Mystery and Trinity in Scripture Life is more than existence. It is the participation in this divine community that is love. That love is written in all of Creation, including quail. St. Paul wrote three decades after Jesus' resurrection, “The grace of our Lord Jesus Christ, the love of God, and the fellowship of the Holy Spirit be with you all” (2 Cor. 13.14). This blessing attests to the early Church’s experience of the living God. They spoke of the Holy One as the ineffable Creator who created out of love and was infinitely beyond them. Yet, they had encountered him in the life, death and resurrection of Jesus of Nazareth who was part of creation. The presence of God was profoundly active among them in creation through the work of the Holy Spirit. Their experience of God required this kind of language. St. Ireneaus, who lived in the following century, wrote that the Son, the Word of God, and the Spirit, the wisdom of God, were like the Father's two hands molding and enlivening the world.
The Trinity in Creation The spirit of God permeates all of creation.
There are non-rational forces in nature as evidenced by the laws of physics and evolutionary processes. In the non-rational aspect of nature, there is randomness and chance. Fundamentally, creation is free, in some sense, to shape itself.
In Creation, their is a rational capacity as evidenced by our human capacity for science, religion, morality, philosophy and other areas of understanding.
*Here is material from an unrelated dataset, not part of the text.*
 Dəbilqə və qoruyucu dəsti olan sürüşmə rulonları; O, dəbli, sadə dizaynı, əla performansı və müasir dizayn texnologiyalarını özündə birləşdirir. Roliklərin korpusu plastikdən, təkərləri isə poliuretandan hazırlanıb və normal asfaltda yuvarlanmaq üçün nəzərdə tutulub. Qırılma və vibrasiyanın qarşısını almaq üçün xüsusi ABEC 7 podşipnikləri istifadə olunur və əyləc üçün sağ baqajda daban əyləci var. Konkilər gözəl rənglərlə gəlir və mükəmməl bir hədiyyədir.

Human beings freely respond to relationship with God and one another.
There are irrational forces in Creation as evidenced by our capacity for our misuse of freedom and reason that we call sin.
All, however, are in one sense or another a sign of the wisdom of God. God’s wisdom is present in our freedom, the heavens and evolving life on earth. God’s wisdom is present in that quail who would not leave its dead mate in my backyard. God's Word invites a response of faith.
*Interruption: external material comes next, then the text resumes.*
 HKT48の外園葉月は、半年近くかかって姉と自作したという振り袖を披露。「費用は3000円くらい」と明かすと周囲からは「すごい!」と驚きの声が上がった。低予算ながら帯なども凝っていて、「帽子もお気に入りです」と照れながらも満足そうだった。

So what do you think happened to that little quail hen? Did her mate go get his brothers who took her little body and buried it in the family plot with a nice view of our parish? Quails don’t think like that, but we think like that because we participate in divine love in our own human manner. The desire to pair, the desire for community and life are present both in a non-rational and a rational way in God’s creation. The image of the Most Holy Trinity is the experience of life. That little quail does not think about life and death like we do. But we can see God's wisdom in how the quail lives. That makes the story of how we see life and participate in the life, death, resurrection and ascension of Christ even more amazing. There are two books I would recommend concerning science, evolution and the presence of God in the Created world. The first is by Dr. Alister McGrath, Ph.D, an Anglican priest and Cambridge professor, entitled Darwinism and the Divine. The second is by a Catholic theologian, Sr. Elizabeth Johnson, CSJ Ask the Beasts: Darwin and the God of Love. Both are attempting to speculatively explore territory that has not been adequately dealt with in theology to date. Just click on the title to review the book.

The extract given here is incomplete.